The FDA's evolving interchangeability guidance has made the designation more accessible than it was five years ago. The clinical and regulatory investment required to achieve interchangeability is meaningful. The commercial return, reflected in formulary placement, pharmacy substitution rates, and payer preference, is equally so.
Companies that are not actively pursuing interchangeability designation for their lead biosimilar programmes in 2026 are leaving a significant commercial lever unused.
Key Takeaways
Box: Four Actions for Biosimilar Commercial Leaders
The following four actions represent the highest-leverage steps available to biosimilar commercial teams in 2026.
Begin payer engagement immediately, regardless of how distant the PDUFA date appears. The three-year minimum timeline for meaningful formulary relationships is not negotiable in the current market.
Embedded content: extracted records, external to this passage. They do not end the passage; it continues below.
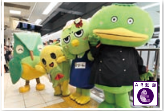
▲えんちゃん(東京都豊島区池袋西口商店街)、ふなごろう(千葉県船橋市)、カッパぐりーん(福島県会津若松市)が参加してくれました

当日は、車内でキャラクター達との写真撮影やオリジナル記念品がもらえるじゃんけん大会のほか、池袋駅での撮影会などが行われ、参加者は限られた時間の中でキャラクター達とのふれあいを大いに楽しみました。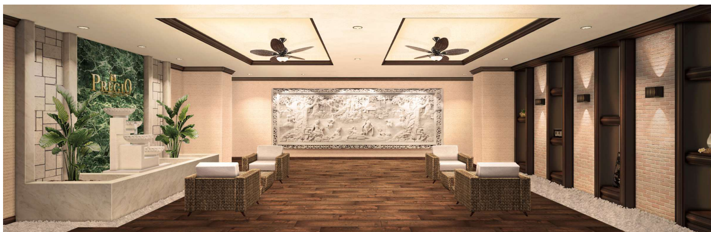
【エントランスホール イメージパース】

エントランスホールは、リゾートホテルのような優雅さと落ち着きを兼ね備えた迎賓空間です。正面にはバリ島の職人が手彫りで仕上げた繊細なストーンカービングを配し、異国情緒あふれる芸術的な空間を演出しています。木目調の素材と柔らかな間接照明、そして水のせせらぎを感じさせるオブジェが調和し、住まう人を日常の喧騒から解放し、安らぎに満ちた空間を創出しています。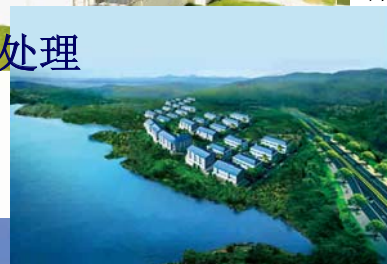
浙江湖州原水项目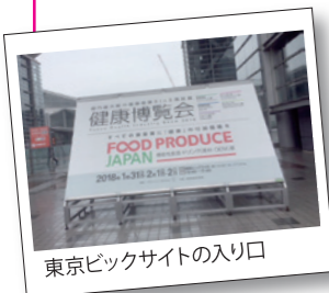
東京ビッグサイトの入り口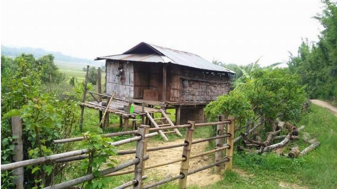
ရှိုခင်းလုင်းလူခင်.ခပ်ပေးလုဂ်း

လုင်းလူခင်.ခခ.ပိခင်ရှူခင်းဝခင်း;ရှူခင်းသုခင်ဂိတ်းဂိခင်ရှူးခေးသေ မိးခးသွင်ပေးလုဂ်းယူ,လွမ်းဂခင်။ ဝခင်း ခခခခ.လုဂ်း;လံးမခင်းဂျးဂိခင်လၢင်းလီင်.ဂုင်းပိုခင်း;တၢင်း,ဝခင်း;သေ ဂိုတ်းလုင်းလူခင်.ယူ,ရှိုခင်းဝံ. ဂေ့. လိပ်။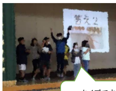
クイズです！ 正解したかな！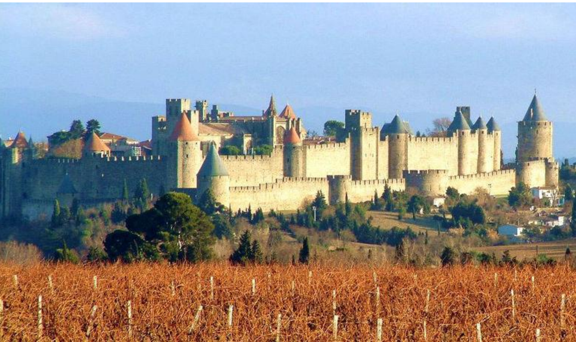
Opevnění města Carcassonne EUGÉNE VIOLLET LE DUC

Conduct a PBM affiliate audit. Map which formularies carry meaningful Cordavis or equivalent private-label exposure in the target therapeutic category and build a differentiated contracting and evidence strategy for each.
Align medical affairs and market access on a shared evidence generation roadmap with milestones tied to development-phase decisions, not commercial-phase milestones.
Appoint a single market access P&L owner with cross-functional authority and CEO-level reporting before the commercial organisation is fully built.
Conclusion
The biosimilar market opportunity in 2026 is real, large, and growing. The Consolidated Appropriations Act reforms, the continued expansion of the biosimilar pipeline, and the maturation of payer understanding of biosimilar clinical equivalence represent meaningful structural tailwinds.
The window for capturing that opportunity, however, is not indefinitely open. PBM affiliate programmes are expanding. Private-label biosimilar portfolios are growing. Companies that are building payer relationships, generating real-world evidence, and developing integrated market access strategies today will be significantly better positioned than those that delay.
The gap between winning and losing in biosimilars in 2026 is rarely a science gap. It is usually an execution gap. And execution gaps are invariably a leadership choice.